The definition of a determinant of any square matrix A (size is n by n, for any integer n > 0 ) is

   det(A)= S( (i=1 to n) a(i,j) F(i,j) ); 

Here, (S) refers to summation from (i=1 to n); a(i,j) is the matrix element of (A), and F(i,j) is the co-factor of (A), found from

   F(i,j)=(-1)^(i+j)*Mij

and (Mij) being the minor of (A).

Now, let (b) be any real constant. By definition,

   det(bA)=b^n *det(A). 

This comes true if we substituted (b) in the basic, first definition of determinant of (A).
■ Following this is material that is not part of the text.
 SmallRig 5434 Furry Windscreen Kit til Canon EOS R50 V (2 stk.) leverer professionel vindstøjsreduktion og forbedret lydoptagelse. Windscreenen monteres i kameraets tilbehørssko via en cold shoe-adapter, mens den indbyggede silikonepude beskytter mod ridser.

Now, a matrix (A) is called (symmetric) iff (if and only if) the condition was satisfied:

   transpose (A) = A,

or, by definition of transpose (I don't believe proof is needed), then:

   Aij=Aji

But if

   Aij= - Aji 

the matrix (A) is said to be (antisymmetric, or skew-symmetric, the same are equal last time I checked). Now, for any odd (n) value, an (n by n) square, antisymmetric matrix, we can and will use

b=-1 , so, from

   det(bA)= b^n det(A) 
   det(-A)=(-1)^n det(A), 

the L.H.S. for such equality is the same as det(A) - again from the definition of determinant and transpose...Thus

    LHS= det(-A)=det(A) 

but the R.H.S. of the last equality was

   RHS= (-1)^n det(A); 

equaling RHS with LHS,

   det(A)=(-1)^n det(A) 

which can be true iff

   det(A)=0. 

ANd for any matrix (A), if the determinant was (ZERO) then (A) is said to be (singular) matrix.

Thank you, Feng and Matt, for all the earlier, useful comments.
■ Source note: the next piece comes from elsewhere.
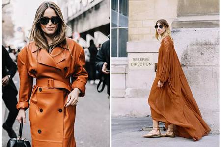 棕褐色过于压抑,而且对肤色也不够友好,当是加入了橘调之后就变得亮丽很多。橘色明艳,纯色容易俗气,增加暗沉色调之后也变得稳重很多的,显得十分大气时尚。橘棕在不同面料下也质感也有很大的变化。

Ahmed A. Selman on 2 Apr 2013

And this basic, primitive derivation, is found (must be found) in any textbook dealing with matrices and determinant properties. I did find it on Wolfram search that:

   det(-A)=(-1)^n det(A)

from: <http://mathworld.wolfram.com/Determinant.html >

and found that for antisymmetric matrix A then

   Aij= - Aji 

from

< http://mathworld.wolfram.com/AntisymmetricMatrix.html>

The rest is, however, a plane and direct substitution.

Matt J on 8 Apr 2013

Ahmed,

We established several Comments ago that Aij=-Aji is not satisfied for the modified magic square matrix.

There may be a way to extend the determinant equation to the weirder kind of asymmetry that this matrix exhibits, but it looks like it would take some work. Showing that ones(n,1) is a null-vector of the matrix seems to me like the quicker proof, not to mention that it also covers even-valued n.

Ahmed A. Selman
Answer by Jonathan Epperl on 1 Apr 2013

The row-sum, column-sum and diag-sum of a magic square are all the same, and the magic square uses all the integeres 1:n^2. Thus, the sum of all elements must be n^2*(n^2+1)/2, and each row, column, diag sum must be n*(n^2+1)/2.
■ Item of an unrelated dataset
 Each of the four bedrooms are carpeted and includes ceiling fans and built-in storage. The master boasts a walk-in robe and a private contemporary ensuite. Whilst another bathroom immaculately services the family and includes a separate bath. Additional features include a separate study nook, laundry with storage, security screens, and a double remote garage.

Now look at what you wrote, multiply it from the right by ones(n,1), and you'll see that you will get zero. Voila, thus the matrix is singular.

2 Comments

Feng Cheng Chang on 1 Apr 2013

Dear Jonathan Epperl:

Thank you for your reply.

The first paragragh is the well-known definition or description of magic square matrix.

The second paragragh is unclear to me how to get the matrix singular. The test statement is listed here again for your reference

   det(magic(n)-ones(n)*(1+n*n)/2), for any odd n.

So I cannot accept your answer at this time.

F C Chang 3/30/2013

Jonathan Epperl on 5 Apr 2013

Just to fill that hole in your knowledge: A square Matrix A is singular if and only if

  • inv(A) does NOT exist
  • det(A)==0
  • The range of A is not all of R^n
  • THE KERNEL OF A IS NONTRIVIAL
  • ...

That last point there means that if you can find a nonzero vector v such that A*v==0, then you have proven that A is singular, and ones(n,1) is such a vector.

Jonathan Epperl
Answer by Matt J on 1 Apr 2013
Edited by Matt J on 1 Apr 2013

Let x=ones(n,1)/n and P be the perturbed matrix. You can verify that

P*x=0

proving that P is singular.

5 Comments

Feng Cheng Chang on 1 Apr 2013

Dear Matt J,

Thank you again for your reply.

I do not think the calculation of det(P) is numerically unstable since elements of P in the case are all integers.

By the way I got the result det(magic(9)-41)=0, instead of =-0.321.

F C Chang 4/1/2013

Matt J on 1 Apr 2013

I do not think the calculation of det(P) is numerically unstable since elements of P in the case are all integers.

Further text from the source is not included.